# Fishfinder



## mark_gardner (Mar 18, 2009)

i've got a garmin 300c, its a small unit that does a decent job, i paid around$250 for it but think they have dropped in price a little bit :-/ if your fishing the icw up here all you need is a basic unit that will give you accurate depth measurements so you can find the holes, no need to go broke buying much more imo


----------



## graffix338 (May 3, 2011)

Thanks for the info. I'll check out the 300c. Yes, I mostly fish the ICW from Palm Vally to St. Augustine. Sometimes I go out to the Croaker hole in the St. Johns near the Shand's bridge.


----------



## bmacneil2008 (May 8, 2011)

Just ordered a Gheenoe NMZ. Not sure if qualifies as a 'skiff' but is what I could afford  I will have a side mount grab bar and looking for a GPS/Depth unit. 

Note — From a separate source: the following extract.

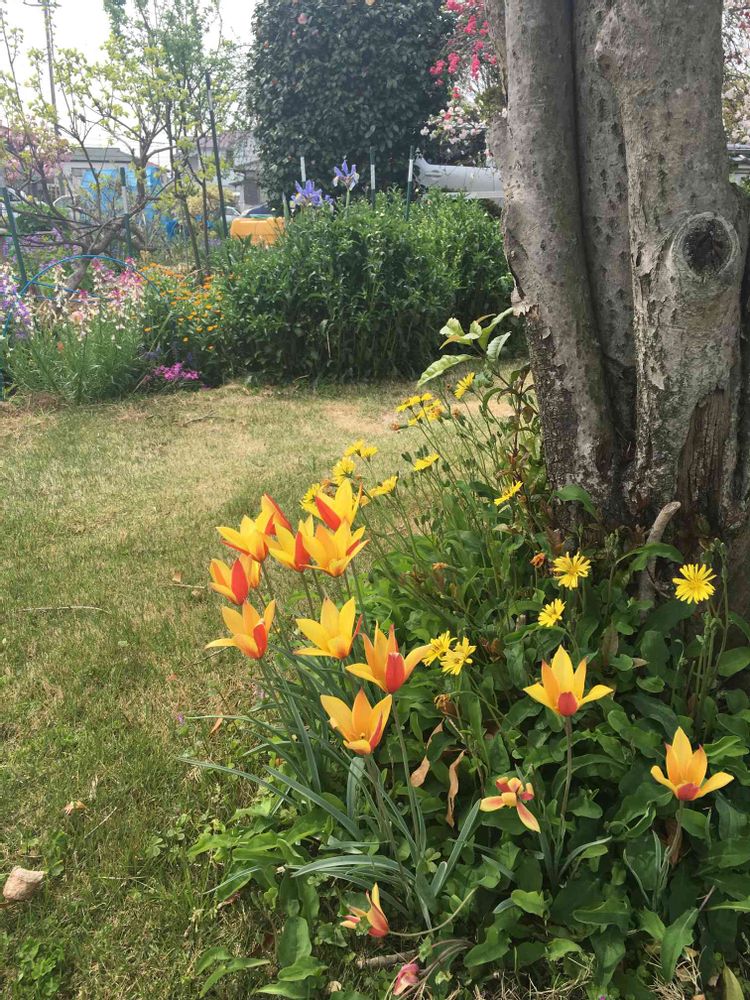 きれいなお庭ですね。花も良いし、木がいい味出してますね🎵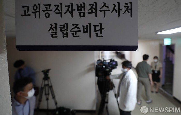 [서울=뉴스핌] 김학선 기자 = 8일 오후 서울 종로구 정부서울청사 내 고위공직자범죄수사처(공수처) 설립준비단 사무실 앞에 취재진이 몰려 있다. 2020.07.08 yooksa@newspim.com

Mostly will be on the Edisto, Ashley and Santee rivers in Charleston, lots of shallow water. Any recommendations?

Thanks in advance.

Robert M.


----------



## Charlie (Apr 5, 2010)

I don't own a fish finder, but have been looking into them. The humming bird fishing buddy series interested me. It's portable and self contained, which I like since I fish mostly water 8" or shallower. Give it a look.


----------